Source data
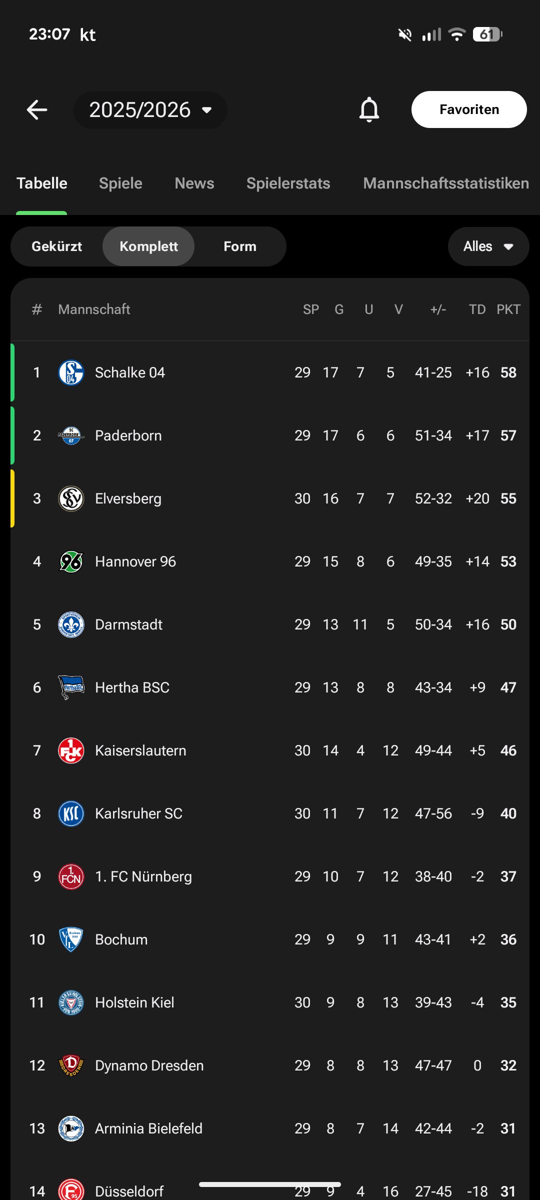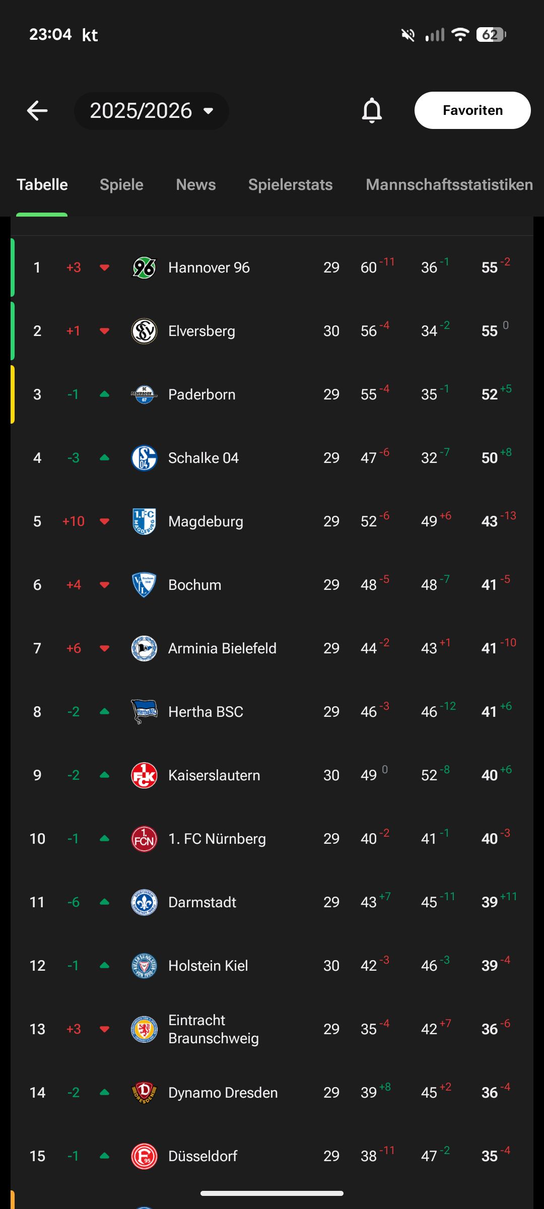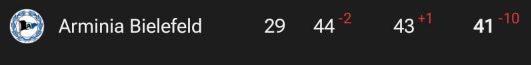 Schalke: 1 Sieg, 1 Remis 3:2 Paderborn: 2 Niederlagen 1:4 Elversberg: 2 Niederlagen 2:5 Hannover: 1 Sieg, 1 Niederlage 3:2 Darmstadt: 1 Sieg, 1 Niederlage 3:5 -> 10 Punkte aus 10 Spielen bei einer TD von 12:18. Immerhin🗿
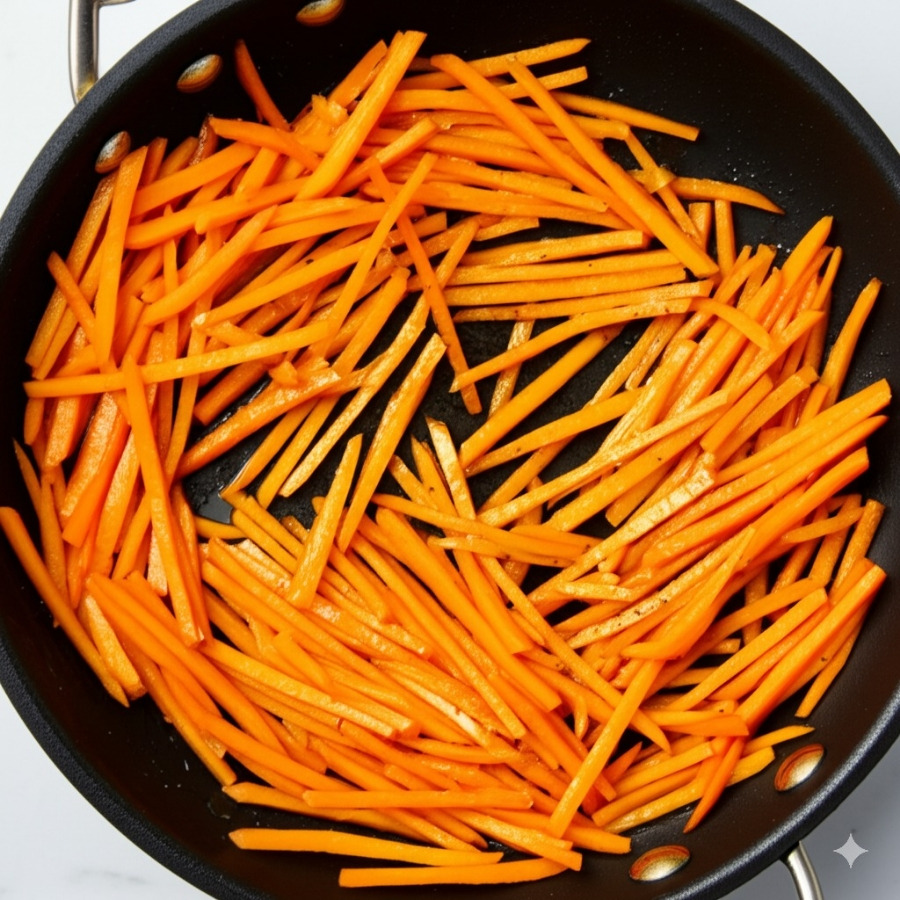 감자가 어느 정도 익으면 채 썬 양파와 당근을 넣고 함께 볶아줍니다.
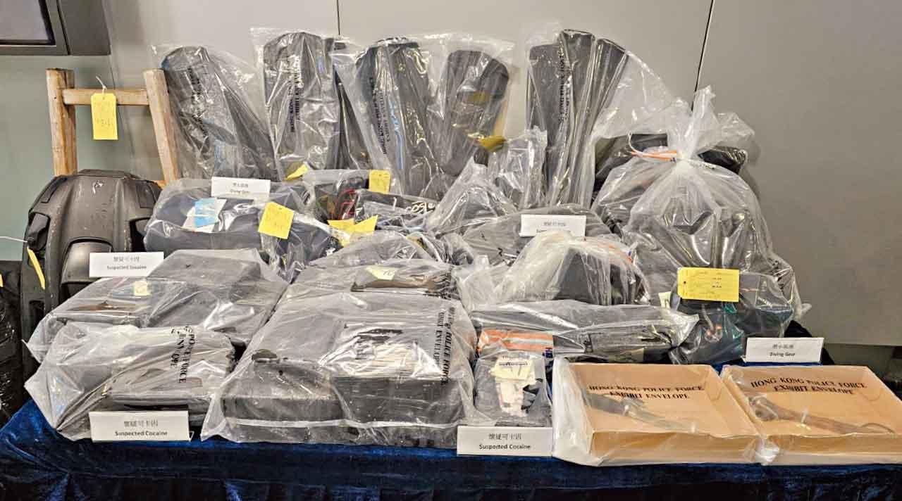 販毒集團為逃避執法部門無所不用其極。集團成員將毒品偷運入境後,將毒品「石沉大海」方式儲存,之後再安排潛水員打撈上岸「出貨」。警方經情報分析和調查揭發案件,並於日前展開行動,檢獲潛水裝備和黑市值4,200萬元可卡因,拘捕3名男子,並正追緝兩名在逃人士。這是警方首次發現販毒集團利用近岸水域暫存毒品。
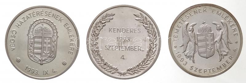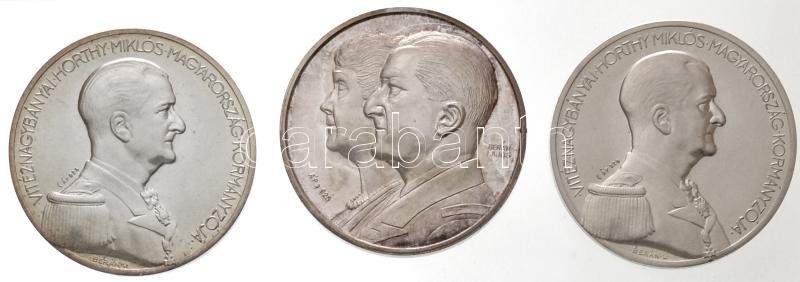 Berán Lajos (1883-1943) 1993. "Kenderes 1993. szeptember 4." Horthy Miklós és feleségének újratemetése emlékére, jelzett Ag emlékérem (32,50g/0.925/40mm) + "Vitéz Nagybányai Horthy Miklós Magyarország Kormányzója / Végső Hazatérésének Emlékére - Vitézi Jelvény" jelzett Ag emlékérem (32,46g/0.925/40mm) + "Vitéz Nagybányai Horthy Miklós Magyarország kormányzója / Temetésének emlékére 1993. szeptember 4." jelzett Ag emlékérem (32,31g/0.925/40mm) mindhárom együtt egy sérült dísztokban, tanúsítványokkal T:1-(PP) fo., patina
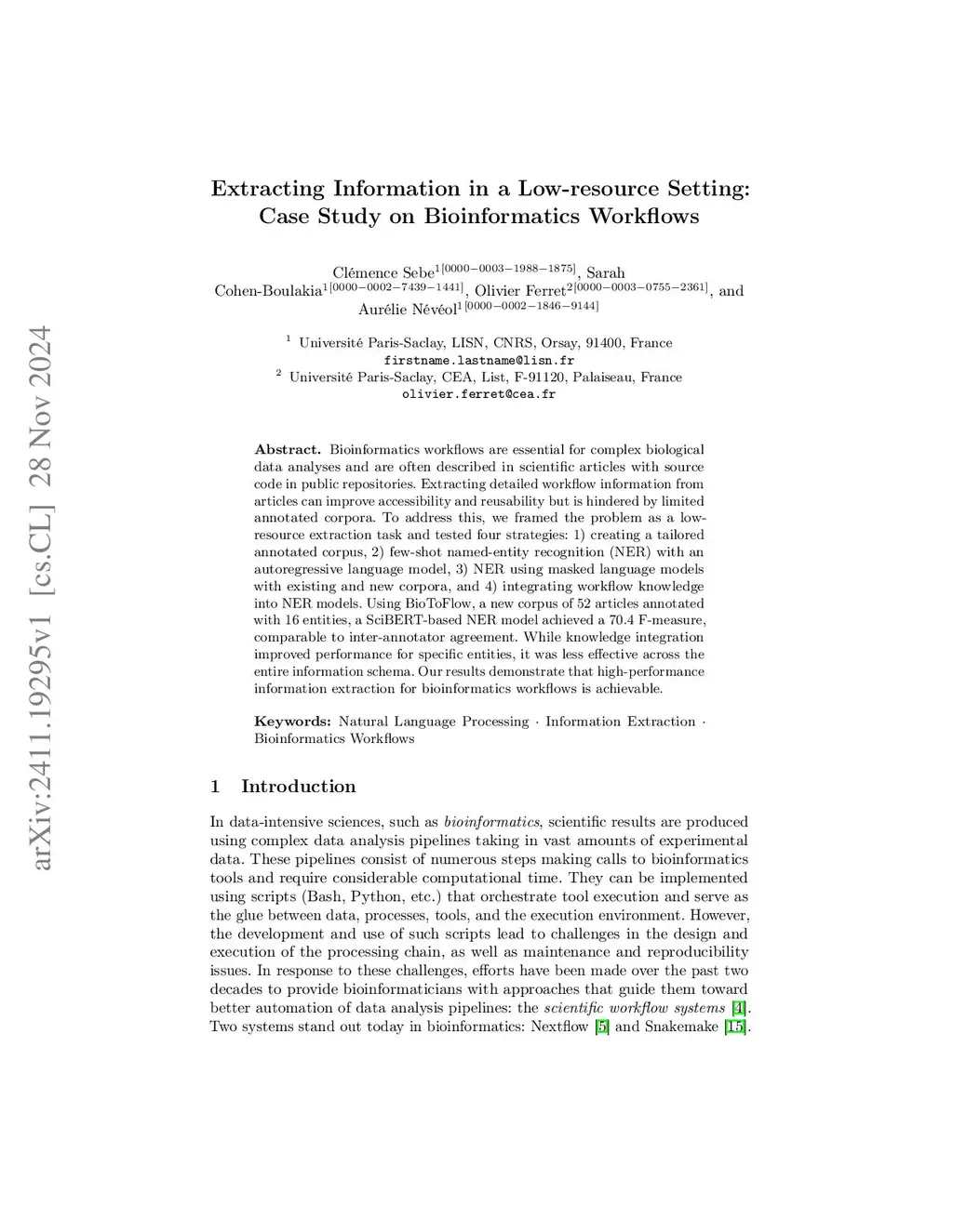 Extracting Information in a Low-resource Setting: Case Study on Bioinformatics Workflows
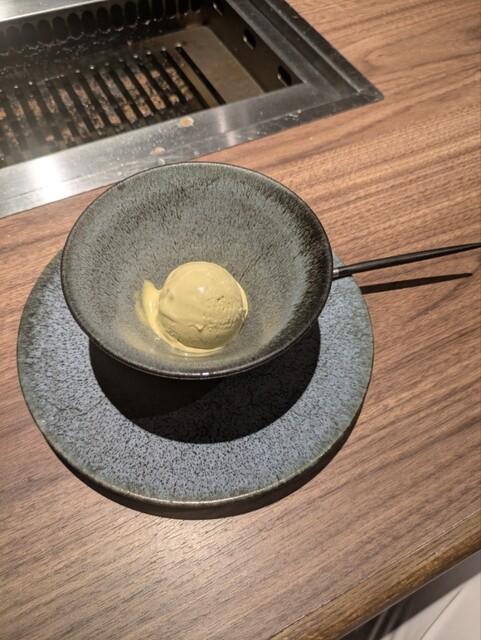 デザートの懐かしい硬めのプリンとメッチャ濃いピスタチオアイスは、これだけで、デザートのお店成り立ちます。
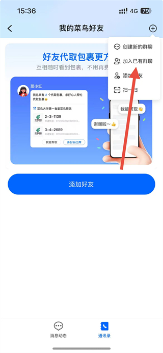 3、在我的菜鸟好友界面点击右上角的图标,选择加入已有群聊选项。
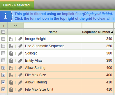 Problem caused by Services project merge which adds new fields with same Sequence Number than Allow sorting and allow filtering (see attached screenshot) |
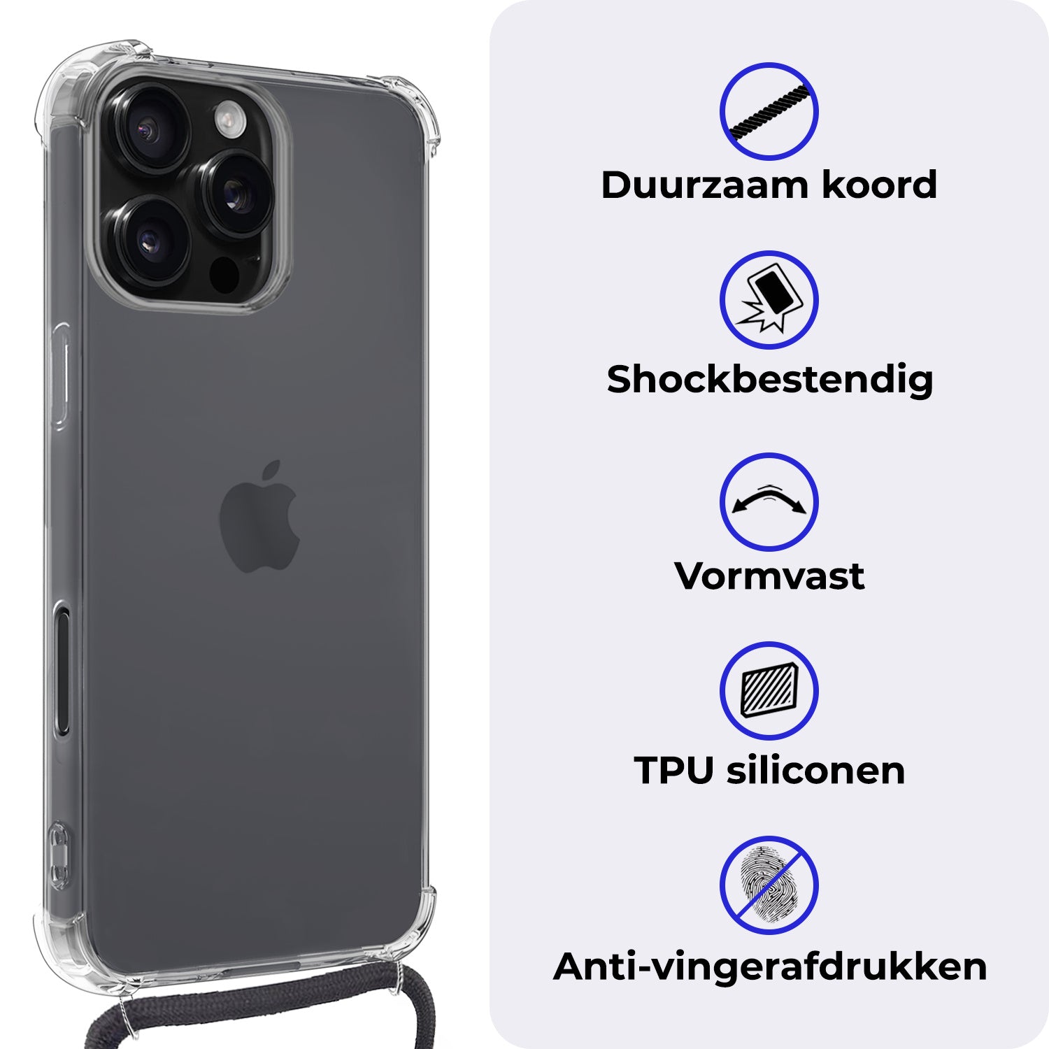 Stevig en praktisch shockproof hoesje met koord voor de iPhone 16 Pro Max

● **WHAT TO PRODUCE**
In the data above, find the line containing "Problem caused by"; from there, please write out each line through the end, exactly, with the pictures omitted.

● **FINISHED EXERCISE**
 Problem caused by Services project merge which adds new fields with same Sequence Number than Allow sorting and allow filtering (see attached screenshot) |
 Stevig en praktisch shockproof hoesje met koord voor de iPhone 16 Pro Max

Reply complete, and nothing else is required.